Exclude all pictures. Then restate, word for word, the entries from the first line through the line that contains "The Chainsaw Sisters are".

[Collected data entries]
————————
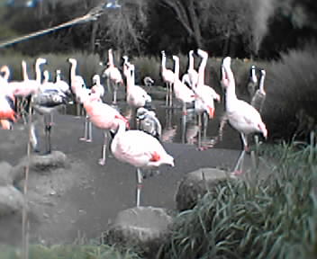 The flamingos at the San Francisco Zoo. February 28, 2004. |
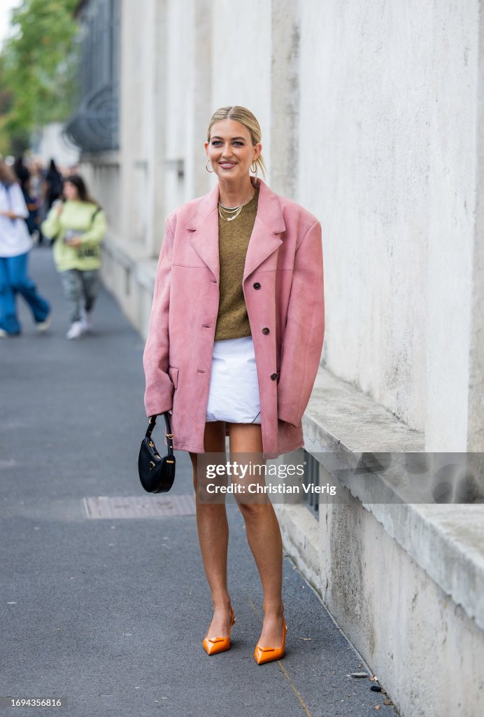 THIS OUTFIT THAT EMILI SINDLEV IS WEARING IS SO CHIC ITS HONOR OF ALL THE FALL COLORS AND TONES WILL BE SEEING AFTER THIS WINTER/FALL FASHION WEEK I’M SURE. LET’S DISCUSS WHAT SHE IS WEARING. EMILI IS WEAIRNG A ROSE PINK SUEDE OVER-SIZED BLAZER THAT SHE PAIRED OVER A BROWN SWEATER PAIRED WITH A WHITE SKIRT AND ORANGE PUMPS. MY FAVORITE ASPECT OF THIS OUTFIT WOULD BE THE WAY THE OVER-SIZED JACKET COMPLIMENTS THE FALL COLORED SWEATER AND THE WAY THE ORANGE SORT OF TIES THESE COLORS TOGETHER THE WHITE SERVING AS SORT OF THE BRIDGE BETWEEN WINTER/FALL TRANSITIONING INTO SPRING/SUMMER.
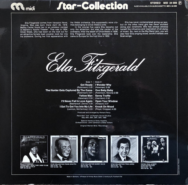 € 6.00 Media: Very Good Plus (VG+)Hoes: Very Good (VG)Ella Fitzgerald – Star-Collection (LP, Album, RE)
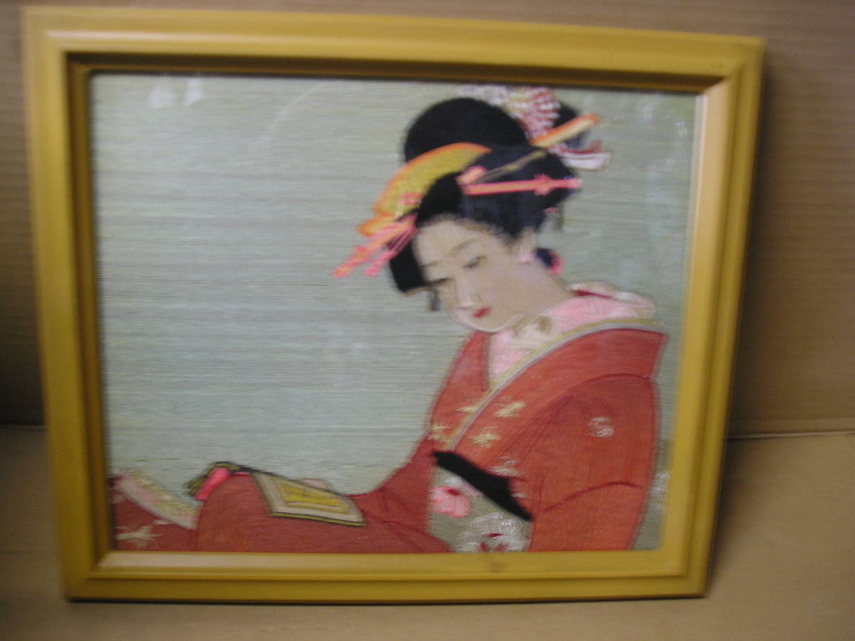 - 昭和レトロ 刺繍 ◆日本美人画 ◆幅41 縦35 【保管 102】
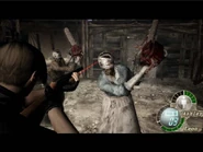 The Chainsaw Sisters are much like the Chainsaw Men having very high health, flinch resistance, and an attack that can instantly kill the player. However, the Chainsaw Sisters swing their chainsaws much faster than the men, making them even more dangerous. There is a secondary death animation that only occurs while playing as Ada and the player is killed while walking backwards or is up against a wall.
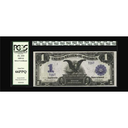 <B>Fr. 233 $1 1899 Silver Certificate PCGS Gem New 66PPQ.</B></I> Two digit serial number 29 is noticed on the blast white, strongly embossed beauty. Reserve one of these fancy numbers now because it will be at least another decade before they appear again.
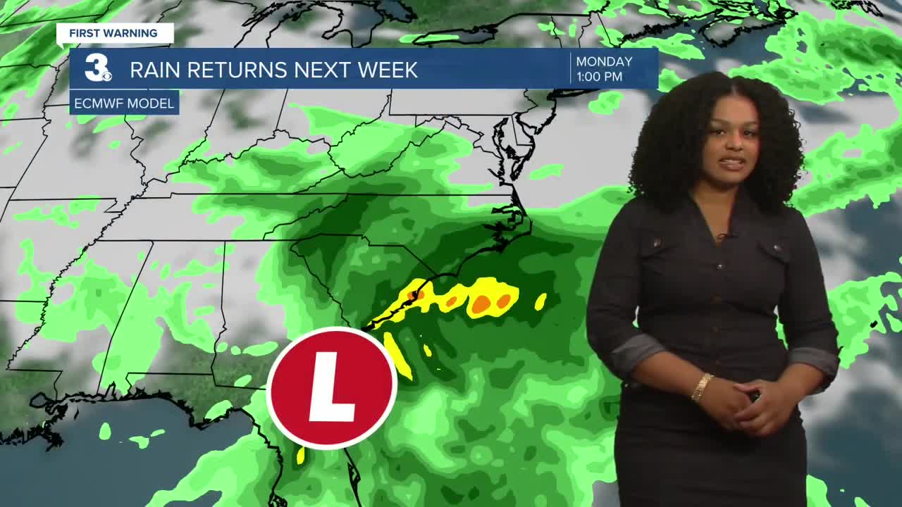 Rain chances return as a potential coastal low develops. Scattered showers will be possible from the beginning through the middle of next week.
————————
• **Response to the exercise**
 The flamingos at the San Francisco Zoo. February 28, 2004. |
 THIS OUTFIT THAT EMILI SINDLEV IS WEARING IS SO CHIC ITS HONOR OF ALL THE FALL COLORS AND TONES WILL BE SEEING AFTER THIS WINTER/FALL FASHION WEEK I’M SURE. LET’S DISCUSS WHAT SHE IS WEARING. EMILI IS WEAIRNG A ROSE PINK SUEDE OVER-SIZED BLAZER THAT SHE PAIRED OVER A BROWN SWEATER PAIRED WITH A WHITE SKIRT AND ORANGE PUMPS. MY FAVORITE ASPECT OF THIS OUTFIT WOULD BE THE WAY THE OVER-SIZED JACKET COMPLIMENTS THE FALL COLORED SWEATER AND THE WAY THE ORANGE SORT OF TIES THESE COLORS TOGETHER THE WHITE SERVING AS SORT OF THE BRIDGE BETWEEN WINTER/FALL TRANSITIONING INTO SPRING/SUMMER.
 € 6.00 Media: Very Good Plus (VG+)Hoes: Very Good (VG)Ella Fitzgerald – Star-Collection (LP, Album, RE)
 - 昭和レトロ 刺繍 ◆日本美人画 ◆幅41 縦35 【保管 102】
 The Chainsaw Sisters are much like the Chainsaw Men having very high health, flinch resistance, and an attack that can instantly kill the player. However, the Chainsaw Sisters swing their chainsaws much faster than the men, making them even more dangerous. There is a secondary death animation that only occurs while playing as Ada and the player is killed while walking backwards or is up against a wall.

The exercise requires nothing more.